Metro’s Gold Line is on its way to Pomona, after the agency tasked with constructing an extension of the light rail line approved an $806 million contract with builder Kiewit-Parsons to add 9 miles [14.5 km] to the existing route.
That’s short of the 12.3-mile [19.8 km] project originally planned, which would have reached Claremont and the San Bernardino County city of Montclair. But construction costs proved higher than anticipated, forcing Metro and the Foothill Gold Line Construction Authority to break up the project into two parts.
The authority initially proposed temporarily ending the line in La Verne, near the Los Angeles County Fairplex. But last week, San Gabriel Valley leaders unanimously agreed to spend $126 million to close a funding gap for the rail project, allowing the first phase of construction to reach Pomona.

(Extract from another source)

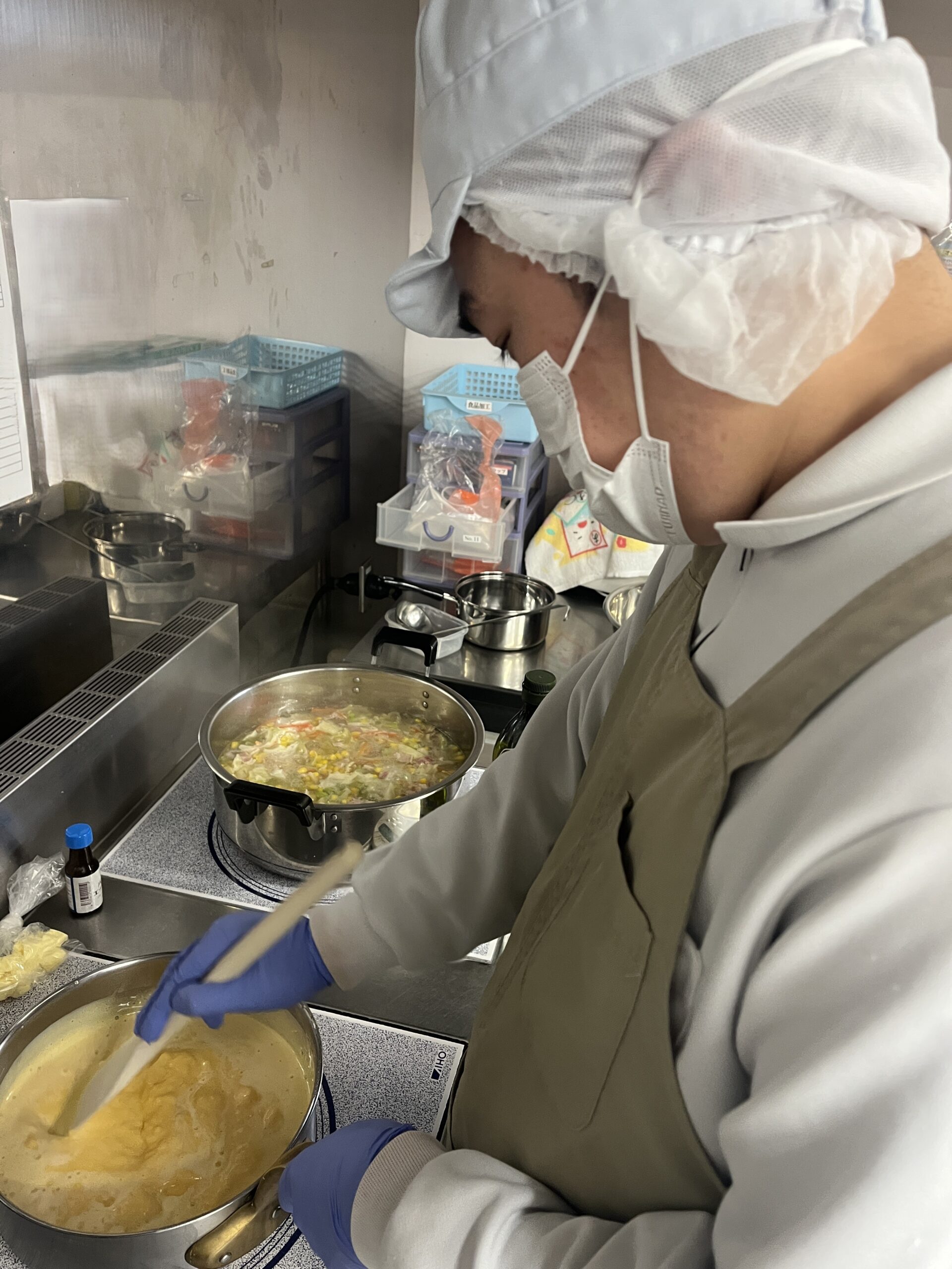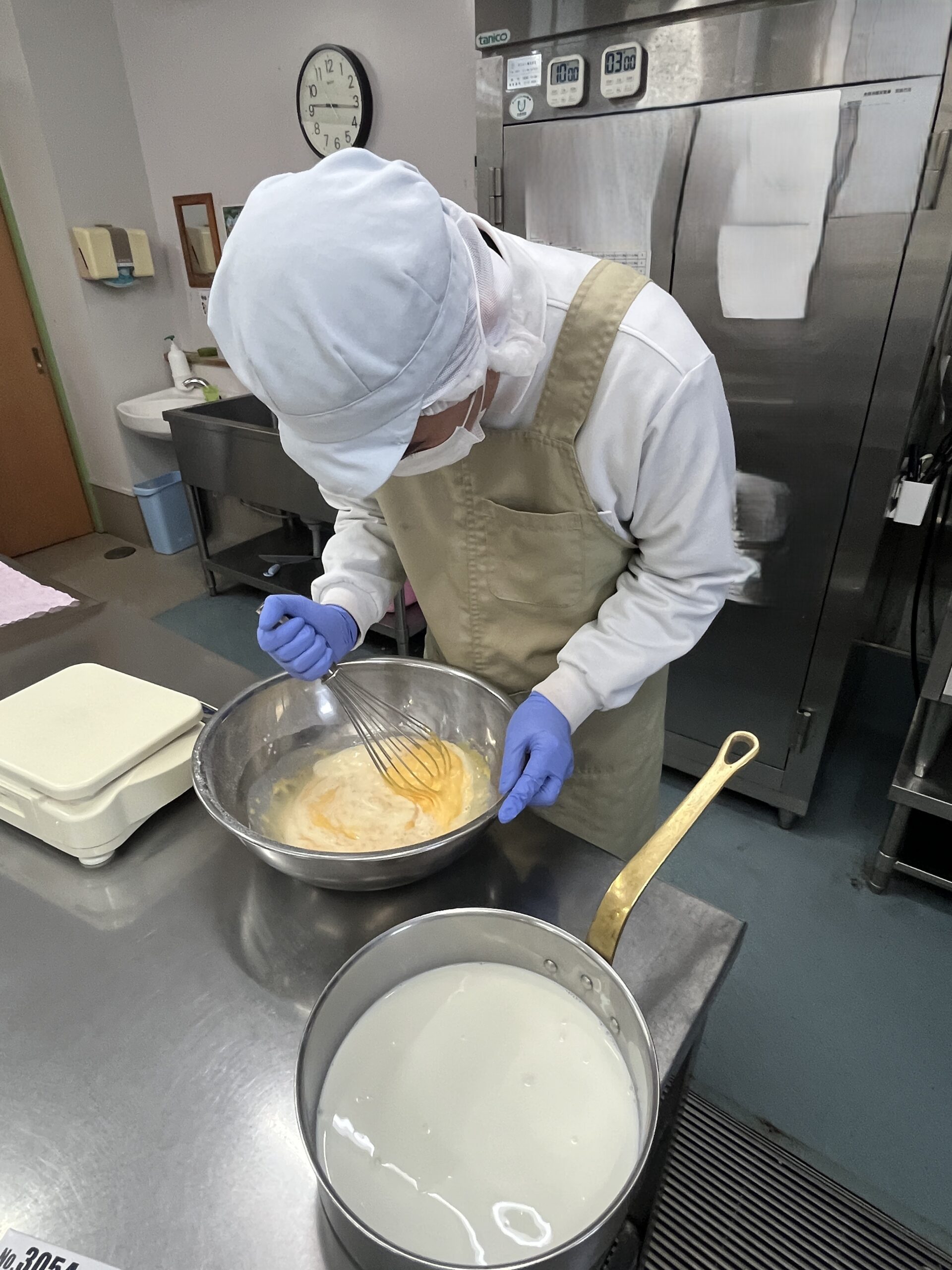 大好評の米粉のクリームぱんのカスタードは食品加工担当で手作りです♪

If money becomes available later, local leaders will have the option to tack an additional $381 million onto the value of the contract in order to bring the train to Montclair, as originally planned. They’ll have to act quickly though; that provision expires in two years.
“This is a crucial project for not only our residents in the San Gabriel Valley, but for all of Southern California,” Los Angeles County Supervisor Hilda Solis said in a statement last week.
More than $1 billion in Measure M funding is devoted to the project already, but the construction authority revealed last year that wouldn’t be enough to complete the project originally envisioned.
Right now, the Gold Line runs between East LA and Azusa, though the northern and southern portions of the route will be divided up once Metro’s Regional Connector project wraps up in 2022.